**WHAT TO DO**
Using the listing below, print the line containing "Ic=1,36 A; Ib=0,74 A; Ia=1,22 A.", the line containing "Bước 2: Nhấn", and each line between them, exactly and nothing else. Pictures stay out of the print.

**TASK DATA**

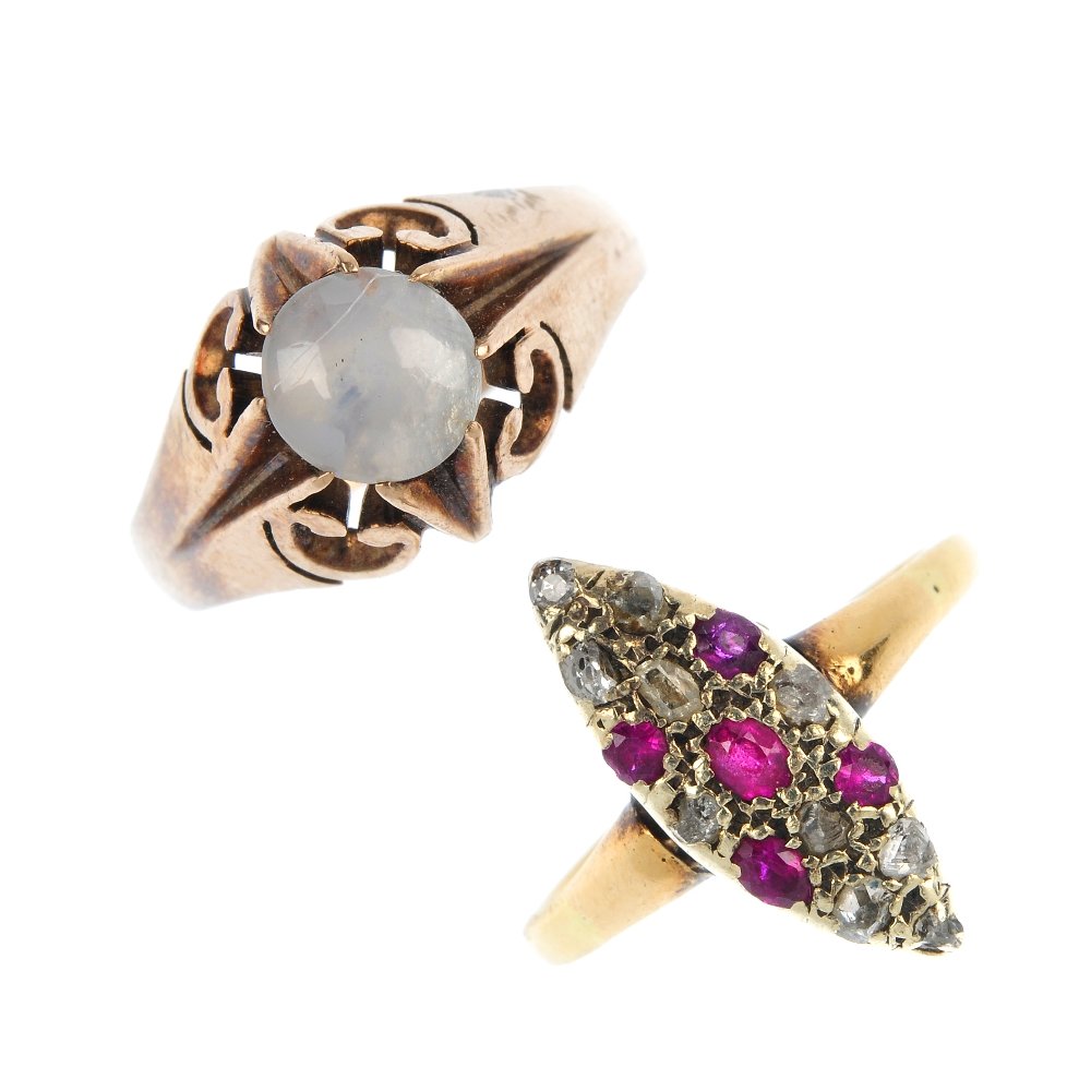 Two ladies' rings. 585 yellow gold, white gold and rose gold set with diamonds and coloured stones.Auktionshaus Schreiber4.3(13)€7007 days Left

==

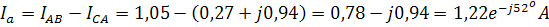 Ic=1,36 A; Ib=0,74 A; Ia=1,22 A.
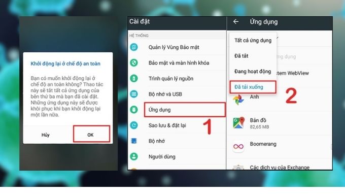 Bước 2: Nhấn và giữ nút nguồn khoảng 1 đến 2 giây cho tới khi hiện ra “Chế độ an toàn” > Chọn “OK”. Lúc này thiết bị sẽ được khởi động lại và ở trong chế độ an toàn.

* * *

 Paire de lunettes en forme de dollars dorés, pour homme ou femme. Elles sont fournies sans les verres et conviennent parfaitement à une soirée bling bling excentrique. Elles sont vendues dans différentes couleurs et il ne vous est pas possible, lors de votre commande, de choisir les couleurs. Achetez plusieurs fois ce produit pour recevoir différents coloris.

**REPLY TO THE TASK**
 Ic=1,36 A; Ib=0,74 A; Ia=1,22 A.
 Bước 2: Nhấn và giữ nút nguồn khoảng 1 đến 2 giây cho tới khi hiện ra “Chế độ an toàn” > Chọn “OK”. Lúc này thiết bị sẽ được khởi động lại và ở trong chế độ an toàn.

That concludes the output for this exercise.